A small banner showing a picture of Sophie is held up by surrounding family and friends.

A Community Pulls Together

Through their tragic experience, the Meinhardts learned that pediatric cancers and tumors were underfunded.  

“We came up with the motto, ‘Become better, not bitter,’” he says. “We wanted to raise some money for pediatric brain research.” 

Meinhardt is a runner and his two oldest daughters participated in cross country. So they organized a 5K, Sophie’s Angel Run, in conjunction with their church’s Octoberfest.  

They thought maybe they’d get 300 walkers and runners. “We did it at 1 p.m. on a Sunday afternoon and had 1,200 people. It was crazy, and we netted $48,000. We thought one and done,” he says. 

But the community wanted Sophie’s Angel Run to continue, so it did. The runs have helped the Meinhardts and their community grieve and, since the first race in 2007, raised more than $1.2 million. The money has gone toward raising awareness for pediatric brain tumors, raising money for brain tumor research at CCHMC, and giving scholarships to local Catholic schools.  

A Higher Profile

Before Meinhardt was recognized as a Good Neighbor Award honoree in 2011, many of his fellow members of the REALTOR® Alliance of Cincinnati and neighboring local associations were unaware of the award program, he says. He pushed to start local Good Neighbor Award programs.  

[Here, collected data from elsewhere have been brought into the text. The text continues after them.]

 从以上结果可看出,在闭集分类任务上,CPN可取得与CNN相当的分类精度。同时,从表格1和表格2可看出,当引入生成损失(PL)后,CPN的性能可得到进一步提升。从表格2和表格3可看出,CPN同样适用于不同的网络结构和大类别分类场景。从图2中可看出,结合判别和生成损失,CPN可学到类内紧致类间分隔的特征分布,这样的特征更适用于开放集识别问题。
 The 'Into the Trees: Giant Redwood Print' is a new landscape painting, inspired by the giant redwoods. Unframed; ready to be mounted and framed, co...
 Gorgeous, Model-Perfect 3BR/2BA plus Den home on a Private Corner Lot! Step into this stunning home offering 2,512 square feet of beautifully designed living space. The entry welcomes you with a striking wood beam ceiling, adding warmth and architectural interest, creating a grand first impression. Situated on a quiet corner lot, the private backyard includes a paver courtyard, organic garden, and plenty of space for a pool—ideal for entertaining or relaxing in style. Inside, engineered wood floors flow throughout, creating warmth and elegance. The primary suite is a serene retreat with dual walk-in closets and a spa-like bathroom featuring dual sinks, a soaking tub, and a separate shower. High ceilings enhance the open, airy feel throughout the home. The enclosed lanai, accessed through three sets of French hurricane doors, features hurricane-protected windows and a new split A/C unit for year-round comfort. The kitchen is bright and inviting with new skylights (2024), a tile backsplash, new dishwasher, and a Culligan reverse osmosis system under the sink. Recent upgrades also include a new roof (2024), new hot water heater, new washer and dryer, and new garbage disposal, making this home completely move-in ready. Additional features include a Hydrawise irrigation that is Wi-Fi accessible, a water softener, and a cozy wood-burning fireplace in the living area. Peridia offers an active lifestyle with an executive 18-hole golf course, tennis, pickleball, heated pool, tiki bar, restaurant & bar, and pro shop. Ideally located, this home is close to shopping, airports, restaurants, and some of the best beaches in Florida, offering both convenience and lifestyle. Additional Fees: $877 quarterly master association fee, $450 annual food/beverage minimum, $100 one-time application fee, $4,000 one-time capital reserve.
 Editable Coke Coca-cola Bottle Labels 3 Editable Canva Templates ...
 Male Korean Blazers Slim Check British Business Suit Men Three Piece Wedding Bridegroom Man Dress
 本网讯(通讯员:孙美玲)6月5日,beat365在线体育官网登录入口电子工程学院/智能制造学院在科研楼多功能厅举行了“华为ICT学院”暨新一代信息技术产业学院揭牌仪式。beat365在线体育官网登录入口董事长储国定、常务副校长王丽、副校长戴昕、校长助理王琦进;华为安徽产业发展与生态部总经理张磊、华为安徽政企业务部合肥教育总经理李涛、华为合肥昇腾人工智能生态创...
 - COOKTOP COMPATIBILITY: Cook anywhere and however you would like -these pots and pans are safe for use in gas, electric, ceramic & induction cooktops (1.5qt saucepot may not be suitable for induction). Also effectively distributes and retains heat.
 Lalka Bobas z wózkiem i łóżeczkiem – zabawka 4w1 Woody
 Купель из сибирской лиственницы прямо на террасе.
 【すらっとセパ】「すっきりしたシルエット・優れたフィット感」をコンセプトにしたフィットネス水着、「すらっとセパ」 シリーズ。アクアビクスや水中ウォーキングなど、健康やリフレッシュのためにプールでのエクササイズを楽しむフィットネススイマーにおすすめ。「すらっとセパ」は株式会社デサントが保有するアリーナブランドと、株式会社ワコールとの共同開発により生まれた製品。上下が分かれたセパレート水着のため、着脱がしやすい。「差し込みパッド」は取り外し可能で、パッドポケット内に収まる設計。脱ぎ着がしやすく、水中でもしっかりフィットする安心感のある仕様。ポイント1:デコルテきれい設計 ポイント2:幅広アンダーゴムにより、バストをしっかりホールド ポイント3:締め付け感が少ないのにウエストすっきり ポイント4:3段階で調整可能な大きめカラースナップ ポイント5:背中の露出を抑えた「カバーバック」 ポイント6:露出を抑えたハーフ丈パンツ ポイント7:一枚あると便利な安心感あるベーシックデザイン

“People found out about it, and there became a bigger awareness of some of the good things NAR does,” he says. “[The award] gives us credibility when we go to get sponsorships for Sophie’s Run. It shows we are good stewards with any donations or sponsorships.” 

Recently, Sophie’s Angel Run partnered with The Cure Starts Now Foundation, which is dedicated to eliminating cancer, and the name of the race changed to Angel Run. All proceeds from last year’s run benefitted The Cure Starts Now to fund pediatric brain cancer research in honor of Sophie. 

“Through research, they are starting to figure out how certain tumors are related to each other and finding genes,” says Meinhardt, who serves on the foundation’s advisory board. “It’s been 17 years since we started raising money, and there is progress.”